Nepal: Cuando Bam cambió de trabajo, él y su familia pudieron adelantar espiritualmente

Quería ser precursora auxiliar

Myeong-hee, una hermana que vive en Corea del Sur, tiene problemas en una pierna a causa de una parálisis que sufrió cuando tenía dos años. Se cansa rápidamente y a veces se cae. Además, sufre ataques de pánico frecuentes, así como los efectos secundarios de las medicinas que toma. Respira con dificultad, y la tensión y la ansiedad le producen dolor. Pese a todas sus dolencias, Myeong-hee quería ser precursora auxiliar, meta que ha logrado casi todos los meses por los pasados dos años. Ella agradece a Jehová que le dé las fuerzas para llevar a cabo su ministerio.

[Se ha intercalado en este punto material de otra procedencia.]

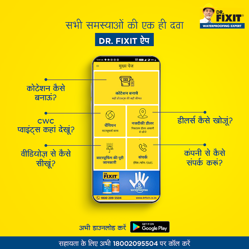 Dr. Fixit App is a tool that puts all waterproofing information at your tips. This app is created to empower and enable our users to implement best waterproofing solution and gain benefits.
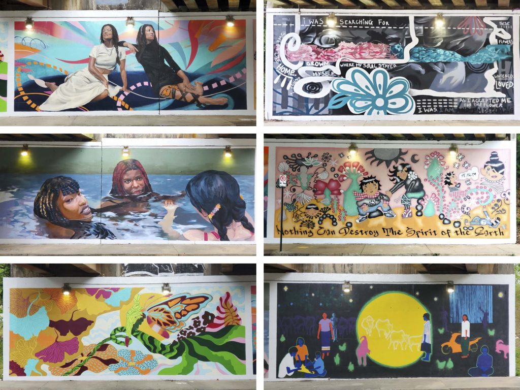 Curated by Drew Borders, the project features large-scale works by six women and nonbinary artists of diverse cultural backgrounds and experience levels: Danae Antoine, Vanna Black, Angela Bortone, Charity Hamidullah, Karaoke Rodriguez and Visakha Jane Phillips. “Since the project’s completion, we’ve already seen tangible shifts,” said Tatiana Bell, Living Walls’ creative director. “More pedestrian traffic, increased recognition of the area and meaningful exposure for the artists involved. Ideally, the underpass becomes not just a place you pass through but a space that offers pause, connection and affirmation.” Living Walls is upgrading the infrastructure of the underpass to include gutters diverting rain runoff from the mural to keep it vibrant for a long time to come.

“¡Llevo treinta años buscándolo!”

Agnes, una misionera en Indonesia, le predicaba a una mujer embarazada de mediana edad que vendía verduras en el mercado. A esta le encantaba leer nuestras revistas y hablar de temas bíblicos cuando no estaba muy ocupada. Cierto día, Agnes fue a verla al mercado pero no la encontró. Su esposo le dijo que acababa  de dar a luz. Entonces, Agnes decidió ir a visitarla, y envolvió un ejemplar de Mi libro de historias bíblicas en papel de regalo. A la mujer le causó una grata sorpresa que hubiera ido a verla a ella y al bebé; pero mayor fue su sorpresa cuando vio que le traía un regalo. Al abrirlo, se quedó de una pieza. “¿Dónde conseguiste este libro? —le preguntó—. ¡Llevo treinta años buscándolo! He ido a todas las librerías y le he preguntado a todo el mundo. Nadie lo tiene, nadie lo conoce, y no hay otro libro que siquiera se le parezca.” Sucede que cuando era niña, su tío lo tenía y a ella le fascinaba leerlo. Ahora ha retomado la lectura, y a su hija mayor también le encanta. Las dos han empezado a estudiar la Biblia.